Он наклонился и очень осторожно, почти робко, коснулся ее губ своими.
Это был не тот поцелуй, который он представлял себе в своих подростковых фантазиях. Он не был страстным или требовательным. Он был тихим. Полным вопросов и ответов одновременно. Он был как возвращение домой после долгого, мучительного путешествия.
Гермиона на мгновение замерла, а потом ответила ему. Она прижалась к нему, и в этом движении было все: облегчение, радость и годы невысказанной любви, которая наконец-то нашла выход.
Они сидели так, обнявшись, очень долго, не говоря ни слова. Слова были не нужны. Все было сказано. Их дружба, прошедшая через огонь, воду и темную магию, переродилась во что-то большее. Во что-то, что Джинни называла «Гармонией».
На следующее утро новость не стала сенсацией. Когда Гарри и Гермиона спустились к завтраку, держась за руки, никто не ахнул. Сириус подмигнул Гарри с видом заговорщика.

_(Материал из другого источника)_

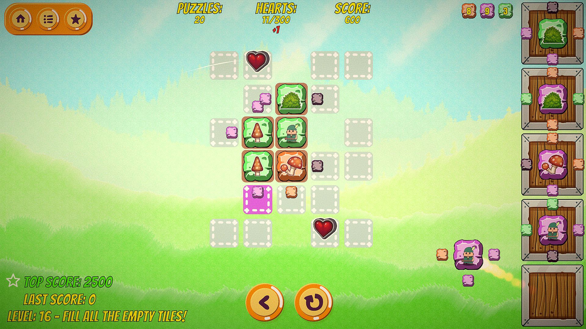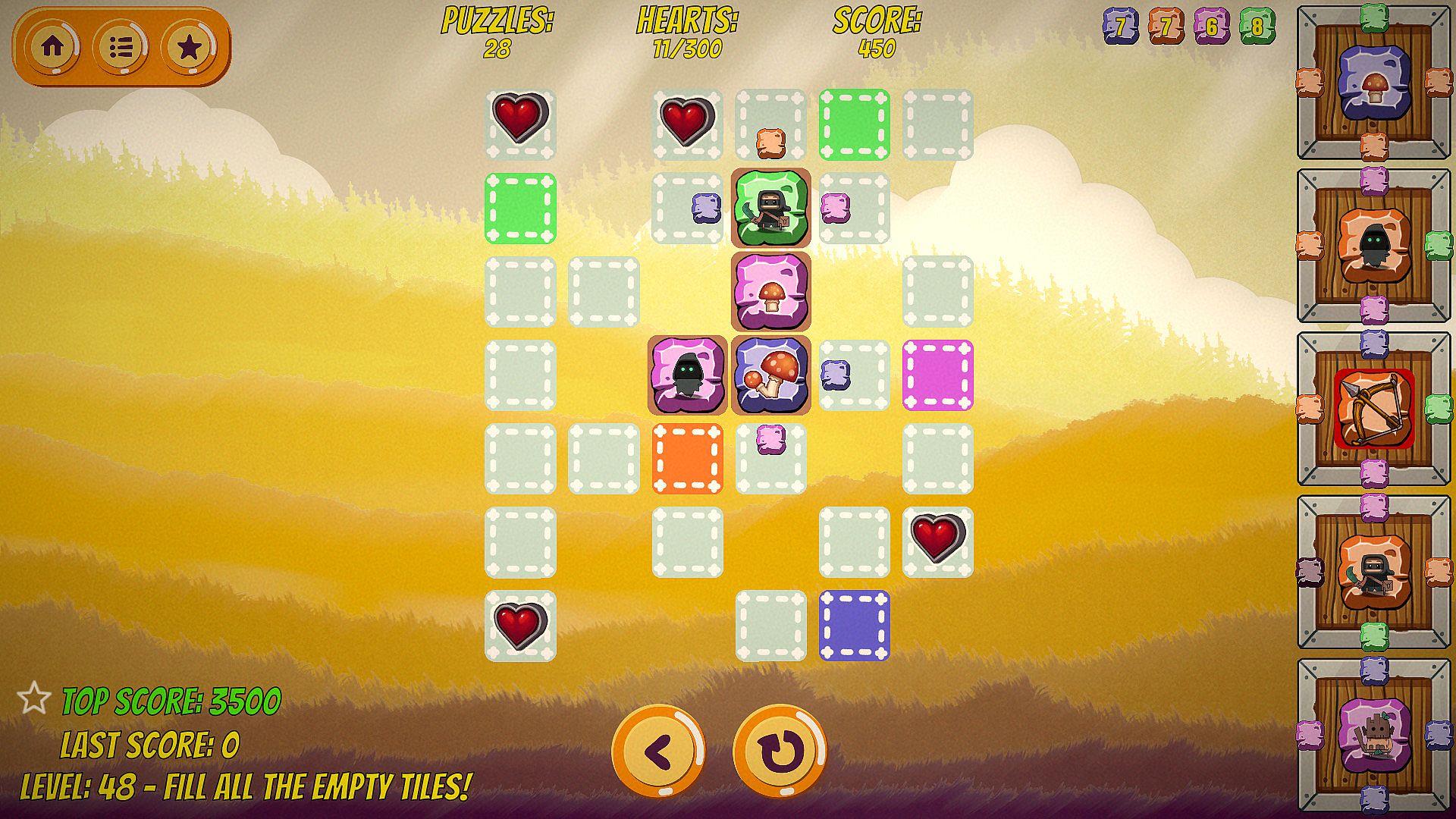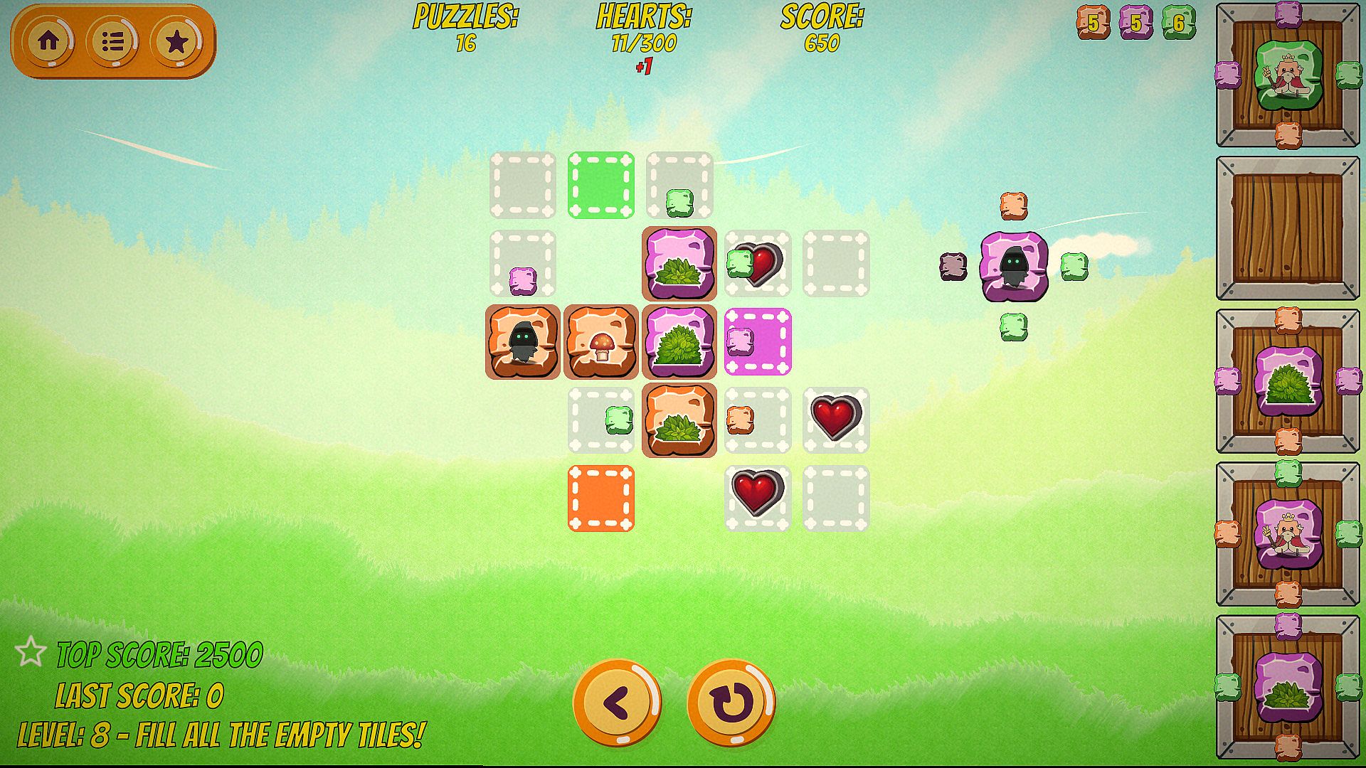 Adam The Storyteller is a difficult puzzle game. While the first levels are super easy to complete, further in the game it requires long-term planning of used puzzles. Every few levels new power-up puzzles are introduced along with new game mechanics to rise difficulty and challenge players. The game requires a lot of skills to collect all the secrets and beat all the high scores.

Люпин тепло улыбнулся. Миссис Уизли, приехавшая навестить их, всплеснула руками, но в ее глазах была радость.
— Ну наконец-то! — сказала она. — Я уж думала, вы никогда не разберетесь!
Но была одна реакция, которой все опасались. Рон.
Он сидел за столом, ковыряя вилкой в омлете. Когда он увидел их сцепленные руки, его лицо на мгновение окаменело. Он поднял глаза, и в них промелькнула сложная смесь чувств: обида, ревность, удивление. Он открыл рот, чтобы что-то сказать. Наверное, что-то едкое и злое, как он привык.
Но тут его взгляд наткнулся на Джинни. Она сидела напротив и спокойно пила тыквенный сок, но ее глаза были прикованы к нему. В ее взгляде не было угрозы. В нем было нечто хуже. Абсолютное, ледяное безразличие. Взгляд, который говорил: «Давай. Скажи. И ты перестанешь существовать в этом мире».
И Рон… сдулся. Он понял, что проиграл. Проиграл не Гарри и не Гермионе. Он проиграл своей младшей сестре, которая оказалась умнее, сильнее и безжалостнее его. Он понял, что в этом новом мире, который они строили, для его мелочной зависти и эгоизма просто не было места.
Он опустил глаза и пробормотал:
— Передайте джем.
Это было его белым флагом. Его капитуляцией. Он не смирился, нет. В глубине души он все еще злился. Но он понял, что борьба бесполезна. Он был исключен из центра. Оттеснен на периферию. И он сам был в этом виноват.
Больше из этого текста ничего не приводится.